Unable to find good initial values in toy Pyro bayesian pcfg model

cbreiss · April 6, 2023, 3:49am

Hi folks,

I’m new to pyro, but it seems great - I’m trying to fit a very simple toy model of a bayesian pcfg (probabilistic context free grammar), but I’m getting a warning re: unable to find start values.

The model code is here:

import torch
import pyro
import pyro.distributions as dist
from pyro.infer import MCMC, NUTS
from pyro import poutine
from torch.distributions.utils import lazy_property
import math

# Define grammar rules and their probabilities
grammar = {
    "S": [(0.8, ("NP", "VP")), (0.2, ("VP",))],
    "NP": [(0.6, ("Det", "N")), (0.4, ("N",))],
    "VP": [(0.7, ("V", "NP")), (0.3, ("V",))],
    "Det": [(0.6, ("the",)), (0.4, ("a",))],
    "N": [(0.5, ("dog",)), (0.5, ("cat",))],
    "V": [(1.0, ("chased",))]
}


# Functions to generate rules from the grammar
def generate_rules(grammar):
    rules = []
    for lhs, rhs_list in grammar.items():
        for probability, rhs in rhs_list:
            rules.append((lhs, rhs, probability))
    return rules
rules = generate_rules(grammar)

def logsumexp(x, y):
    m = max(x, y)
    return m + math.log(math.exp(x - m) + math.exp(y - m))

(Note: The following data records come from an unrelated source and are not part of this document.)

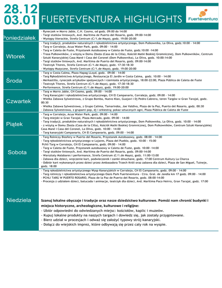 28.12 03.01 FUERTEVENTURA HIGHLIGHTS Poniedziałek - Ryneczek w Morro Jable, C.H. Cosmo, od godz. 09:00 do 14:00 - Targi statków liniowych, Avd. Marítima de Puerto del Rosario, godz. 09:00-14:00 - Występy literackie, Strefa Centrum (C/1.de Mayo), godz. 19:00-20:00 Wtorek - Targ tradycji, produktów naturalnych i rękodzielnictwa artystycznego, Dom Pułkownika, La Oliva, godz.10:00 - 14:00 Targ w Corralejo, Acua Water Park, godz. 09:00 - 14:00 Targ w Caleta de Fuste, Przystanek Autobusowy w Caleta de Fuste, godz.10:00 -14:00 Trasa Pułkowników, z wizytą w Domu Zboża (Casa de la Cilla), Kościół Matki Boskiej Gromnicznej, Dom Pułkowników, Centrum Sztuki Kanaryjskiej Casa Mané i Casa del Coronel (Dom Pułkownika), La Oliva, godz. 10:00:14:00 Targi statków liniowych, Avd. Marítima de Puerto del Rosario, godz. 09:00-14:00 Teatrzyk Titeres, Strefa Centrum (C/1.de Mayo), godz. 17:30-18:30 Występy Muzyczne, Strefa Centrum (C/1.de Mayo), godz. 19:00-20:00 Środa - Targ w Costa Calma, Plaza Hapag LLoyd, godz. 09:00 - 14:00 Targ Rękodzielnictwa Artystycznego, Restauracja El Jardín w Costa Calma, godz. 10:00 - 14:00 Merkastillo, ryneczek artykułów spożywczych i rzemiosła artystycznego, 18:00-22:00, Plaza Pública de Caleta de Fuste Teatrzyk Titeres, Strefa Centrum (C/1.de Mayo), godz. 17:30-18:30 Performance, Strefa Centrum (C/1.de Mayo), godz. 19:00-20:00 Czwartek - Targ w Morro Jable, CH Cosmo, godz. 09:00 - 14:00 - Targ Kanaryjski i rękodzielnictwa artystycznego, CH El Campanario, Corralejo, godz. 09:00 - 14:00 - Wielka Zabawa Sylwestrowa, z Grupo Bomba, Nuevo Klan, Guajavi i Dj Pedro Cabrera, teren Targów w Gran Tarajal, godz. 00:30 - Wielka Zabawa Sylwestrowa, z Grupo Calima, Tamarindos, Joe Valdiva, Plaza de la Paz, Puerto del Rosario, godz. 00:30 - Zabawa Sylwestrowa, z grupami pop, dj i orkiestrą; pokaz sztucznych ogni, Plaza Pública de Caleta de Fuste Piątek - Targ w Corralejo, Acua Water Park, godz. 09:00 - 14:00 - Targ miejski w Gran Tarajal, Plaza Mercado, godz. 09:00 - 14:00 - Targ tradycji, produktów naturalnych i rękodzielnictwa artystycznego, Dom Pułkownika, La Oliva, godz. 10:00 - 14:00 - z wizytą w Domu Zboża (Casa de la Cilla), Kościół Matki Boskiej Gromnicznej, Dom Pułkowników, Centrum Sztuki Kanaryjskiej Casa Mané i Casa del Coronel, La Oliva, godz. 10:00 - 14:00 - Targ kanaryjski Campanario, CH El Campanario, godz. 09:00 - 14:00 Sobota -Targ Rolniczy Biosfery w Puerto del Rosario, Przystanek Autobusowy, godz. 08:00 - 14:00 - Targ rękodzielnictwa artystycznego w Lajares, Plaza del Pueblo, godz. 10:00 - 15:00 Pchli Targ w Corralejo, CH El Campanario, godz. 09:00 - 14:00 - Targ w Caleta de Fuste, Przystanek autobusowy w Caleta de Fuste, godz. 10:00 -14:00 - Targi statków liniowych, Avd. Maritima de Puerto del Rosario, godz. 09:00-14:00 - Warsztaty Malabares i performance, Strefa Centrum (C/1.de Mayo), godz. 11:00-13:00 - Zabawa dla dzieci, wręczenie kart, podwieczorek i zamki dmuchane, godz. 17:00 Centrum Kultury La Charca - Odbiór kart wykonanych przez dzieci przez Ambasadora Trzech Króli oraz zabawa dla dzieci, Plaza de San Miguel, Tuineje, godz. 18:00 - Niedziela Szanujlokalneobyczajeitradycjeoraznaszedziedzictwokulturowe.Pomóżnamchronićbudynkii miejscahistoryczne,archeologiczne,kulturoweireligijne: - Targ rękodzielnictwa artystycznego Wysp Kanaryjskich w Corralejo, CH El Campanario, godz. 09:00 - 14:00 Targ roliniczy i rękodzielnictwa artystycznego Oasis Park Fuerteventura - Ctra. Gral. de Jandía km 17 godz. 09:00 - 14:00 PCHLI TARG W PUERTO ROSARIO, Plaza de la Paz de Puerto del Rosario, godz. 08:00-14:00 Procesja z udziałem dzieci, batucada i animacje, teatrzyk dla dzieci, Avd. Marítima Paco Heirro, Gran Tarajal, godz. 17:00 Ubiór odpowiedni do odwiedzanych miejsc: kościołów, kaplic i muzeów. Kupuj lokalne produkty na naszych targach i dowiedz się, jak zostały przygotowane. Bierz udział w procesjach i odważ się założyć typowy strój kanaryjski. Dołącz do wiejskich imprez, które odbywają się przez cały rok na wyspie.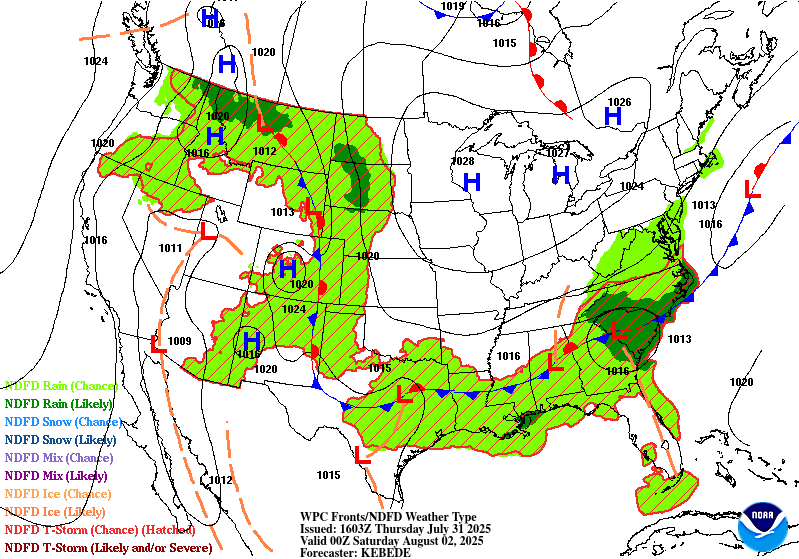 On Friday and Saturday, a stationary front to our NE and an inverted trough will give us a chance for some isolated storms.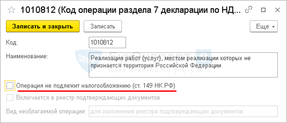Ставим флажок Операция не подлежит налогообложению (ст. 149 НК РФ):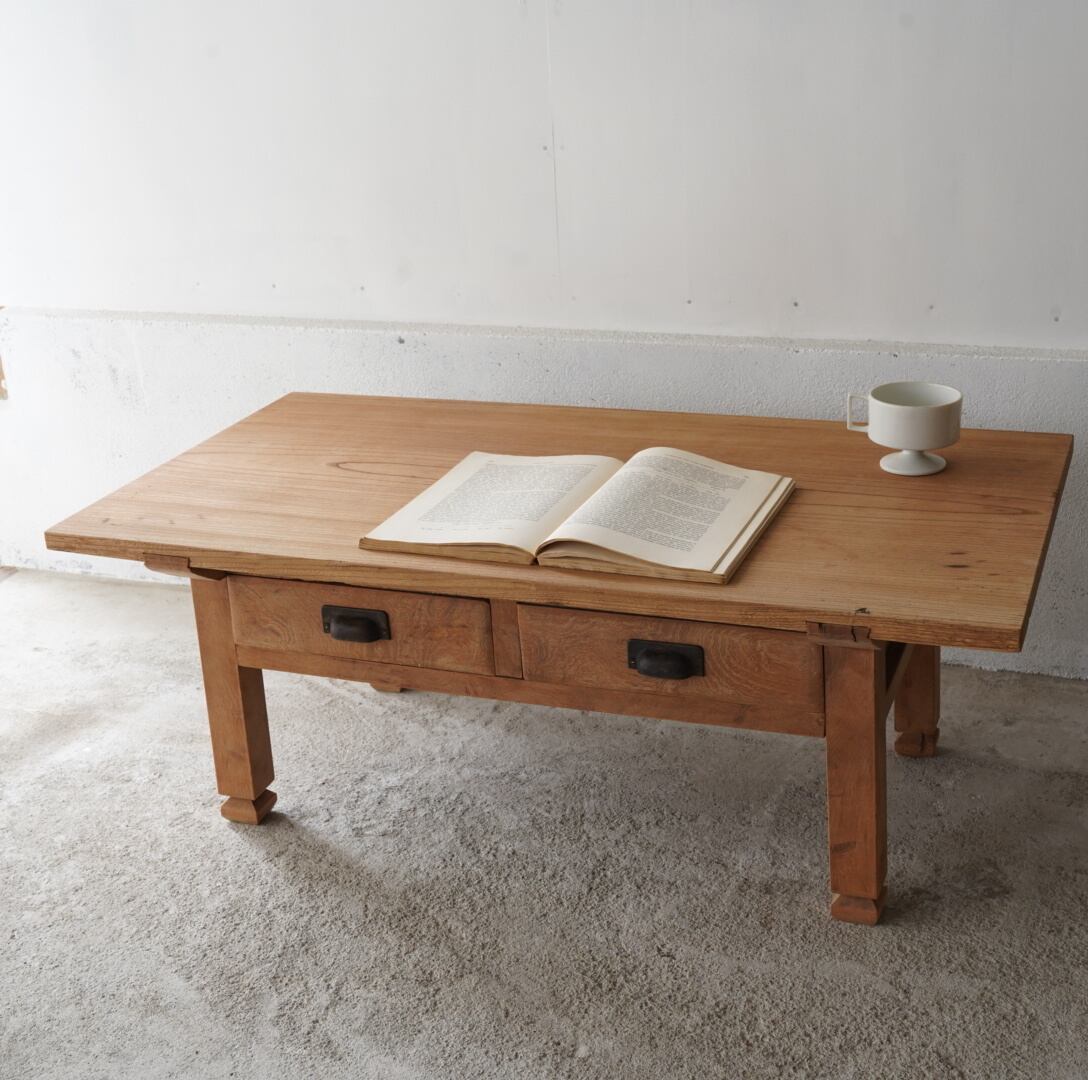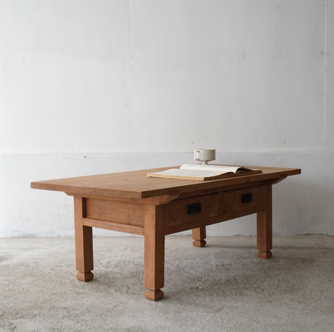 無垢材のナチュラルな木味と脚元の装飾が可愛らしいコーヒーテーブル。

def cky_parse(sentence, rules):
    n = len(sentence)
    chart = [[{} for _ in range(n)] for _ in range(n)]

    # Fill the chart with terminal rules
    for i, word in enumerate(sentence):
        for rule in rules:
            lhs, rhs, log_probability = rule
            if rhs == (word,):
                chart[i][i][lhs] = log_probability

    # Apply nonterminal rules
    for span in range(2, n + 1):
        for start in range(n - span + 1):
            end = start + span - 1
            for split in range(start, end):
                for rule in rules:
                    lhs, rhs, log_probability = rule
                    if len(rhs) == 2:
                        lhs1, lhs2 = rhs
                        log_prob = chart[start][split].get(lhs1, float('-inf')) + chart[split + 1][end].get(lhs2, float('-inf')) + log_probability
                        chart[start][end][lhs] = logsumexp(chart[start][end].get(lhs, float('-inf')), log_prob)

    return chart

def pcfg_pyro_model(sentence, rules, updated_grammar):
    # Parse the sentence with the updated grammar
    chart = cky_parse(sentence, generate_rules(updated_grammar))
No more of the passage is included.